Research In Motion (RIM) shares have surged up to 20 per cent in afterhours trading following its Q2 earnings report publication. Despite figures in the report showing disappointing revenue, figures “still well below where they need to be”, the results were better than expected. Additionally RIM reported that cash reserves had been bolstered by “collecting on cash owed to the company, drawing down inventories and cutting costs” according to a Reuters report today.
The Canadian company reported a net loss of $235 million, a year ago RIM made a profit of $329 million during the same quarter. Company revenue rose to $2.9 billion, just two per cent more than Q1 but compared to a year ago that’s nearly 30 per cent less. BGC Partners analyst Colin Gillis said to Reuters “You still have revenue declining 31 percent on a year-over-year basis but it's certainly not the train wreck that a lot of people feared.” Most importantly, he added “They live to fight another day.”
Two fingers to the doubters
Sitting on cash
Despite losses RIM has increased its cash reserves. The company collected cash owed them by third parties, cut inventories and slashed costs in order to produce this accounting wonder. Analysts warned this activity was not sustainable in the long term, a profitable competitive business is essential for RIM to thrive again.

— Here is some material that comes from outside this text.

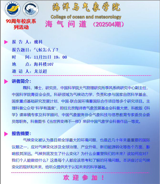 【学术报告通知】情色视频 “海气问道”(202504期)

Plans to take market share from rivals
RIM CEO Thorsten Heins told investors that BlackBerry 10 will be a success and take market share away from its rivals. Additionally he suggested the new BB10 devices will attract people who have never used a smartphone before.
The iPhone 5 is about this long!
We saw a glimpse of the impressive new BB10 OS earlier this week at the BlackBerry Jam event. Initially the new platform will launch with mid and high end devices but lower end, mass market devices are intended to be launched later in the year. “We're working on a concept for the entry level. You might see a product in the entry level by next year,” said CEO Heins. Until then current BB7 devices will form the entry level, low-end BlackBerry platform. The CEO has also been meeting with companies wishing to license BlackBerry technology though he revealed nothing about any development in these arrangements.
Do you think BlackBerry has a shot or is it in terminal decline enjoying a dead-cat-bounce today?